RE: Using CUDA within Spark / boosting linear algebra

2016-01-21 Thread Allen Zhang


Hi Kazuaki,


Jcuda is actually a wrapper of the **pure** CUDA, as your wiki page shows that 
3.15x performance boost of logistic regression seems slower than BIDMat-cublas 
or pure CUDA.
Could you elaborate on why you chose Jcuda other then JNI to call CUDA directly?


Regards,
Allen Zhang








At 2016-01-21 19:34:14, "Kazuaki Ishizaki"  wrote:
Dear all,

 Hi Alexander,

 Using GPUs with Spark would be very exciting.  Small comment:
 Concerning your question earlier about keeping data stored on the
 GPU rather than having to move it between main memory and GPU
 memory on each iteration, I would guess this would be critical to
 getting good performance.  If you could do multiple local
 iterations before aggregating results, then the cost of data
 movement to the GPU could be amortized (and I believe that is done
 in practice).  Having Spark be aware of the GPU and using it as another 
 part of memory sounds like a much bigger undertaking.

 Joseph

As Joseph pointed out before, there are two potential issues to efficiently 
exploit GPUs in Spark.
(1) the cost of data movement between CPU and GPU
(2) the cost of encoding/decoding between current row-format and GPU-friendly 
column format

Our prototype http://kiszk.github.io/spark-gpu/addresses these two issues by 
supporting data partition caching in GPU device memory and by providing binary 
column storage for data partition.
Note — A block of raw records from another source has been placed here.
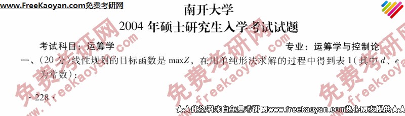 南开大学2004年半岛在线注册真题-运筹学
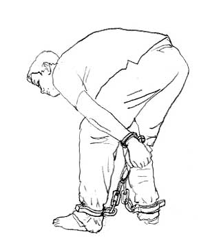 Folterillustration: Gefesselter Häftling, Handschellen und Fußfesseln miteinander verbunden
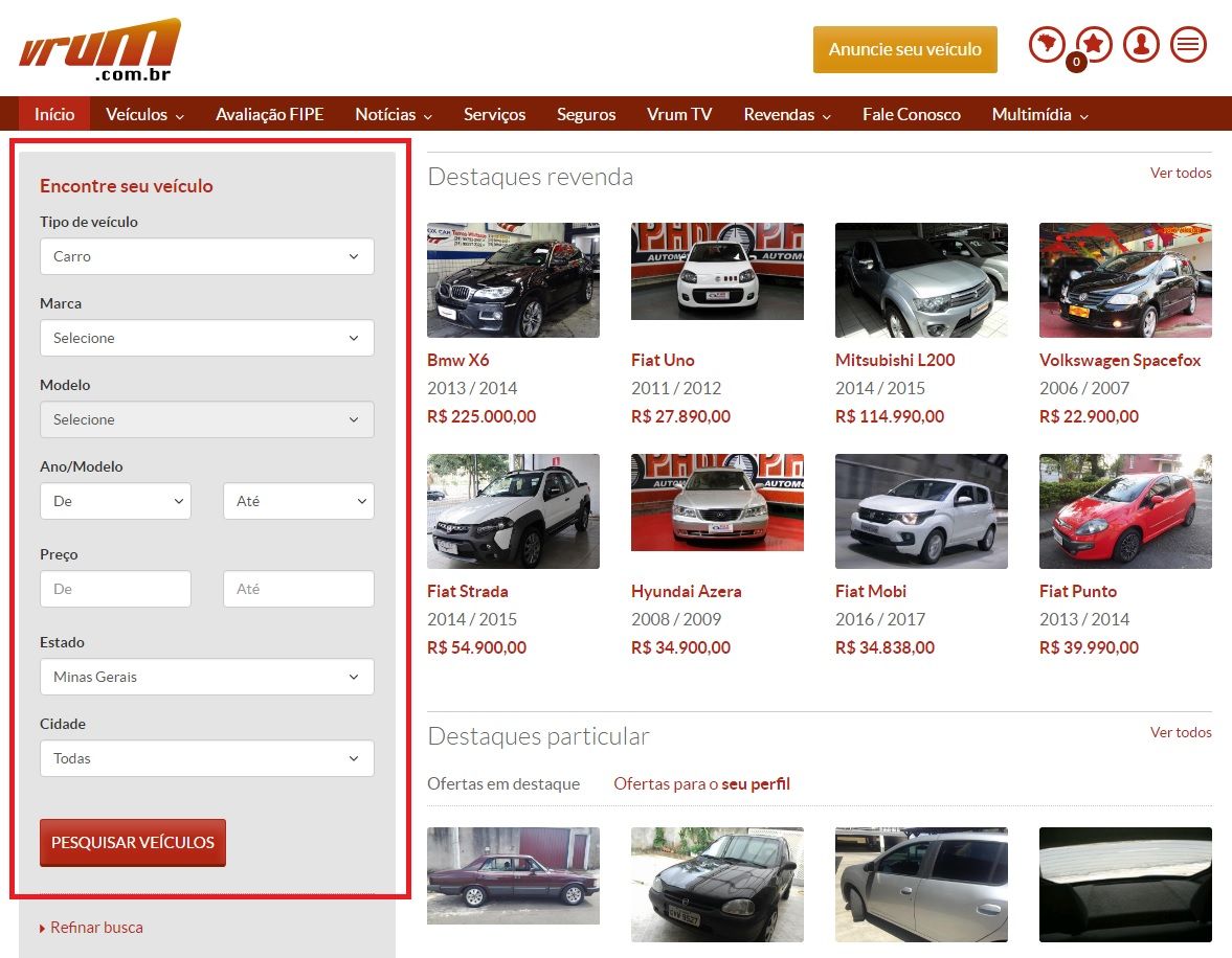 No Vrum é possível realizar vários tipos de buscas, é bem simples ;)

We really appreciate it if you would give us 
comments, suggestions, or feedback.

Best Regards
Kazuaki Ishizaki



From:"Ulanov, Alexander" 
To:Sam Halliday , John Canny 

Cc:Xiangrui Meng , "dev@spark.apache.org" 
, Joseph Bradley , "Evan R. 
Sparks" 
Date:2016/01/21 11:07
Subject:RE: Using CUDA within Spark / boosting linear algebra




Hi Everyone,
 
I’ve updated the benchmark and done experiments with new hardware with 2x 
Nvidia Tesla K80 (physically 4x Tesla K40) and 2x modern Haswell CPU Intel 
E5-2650 v3 @ 2.30GHz.
 
This time I computed average and median of 10 runs for each of experiment and 
approximated FLOPS.
 
Results are available at google docs (old experiments are in the other 2 
sheets):
https://docs.google.com/spreadsheets/d/1lWdVSuSragOobb0A_oeouQgHUMx378T9J5r7kwKSPkY/edit?usp=sharing
Benchmark code:
https://github.com/avulanov/scala-blas
 
Best regards, Alexander
 
 
From: Sam Halliday [mailto:sam.halli...@gmail.com]
Sent: Thursday, March 26, 2015 9:27 AM
To: John Canny
Cc: Xiangrui Meng; dev@spark.apache.org; Joseph Bradley; Evan R. Sparks; 
Ulanov, Alexander
Subject: Re: Using CUDA within Spark / boosting linear algebra
 

John, I have to disagree with you there. Dense matrices come up a lot in 
industry,  although your personal experience may be different.
On 26 Mar 2015 16:20, "John Canny"  wrote:
I mentioned this earlier in the thread, but I'll put it out again. Dense BLAS 
are not very important for most machine learning workloads: at least for 
non-image workloads in industry (and for image processing you would probably 
want a deep learning/SGD solution with convolution kernels). e.g. it was only 
relevant for 1/7 of our recent benchmarks, which should be a reasonable sample. 
What really matters is sparse BLAS performance. BIDMat is still an order of 
magnitude faster there. Those kernels are only in BIDMat, since NVIDIAs sparse 
BLAS dont perform well on power-law data.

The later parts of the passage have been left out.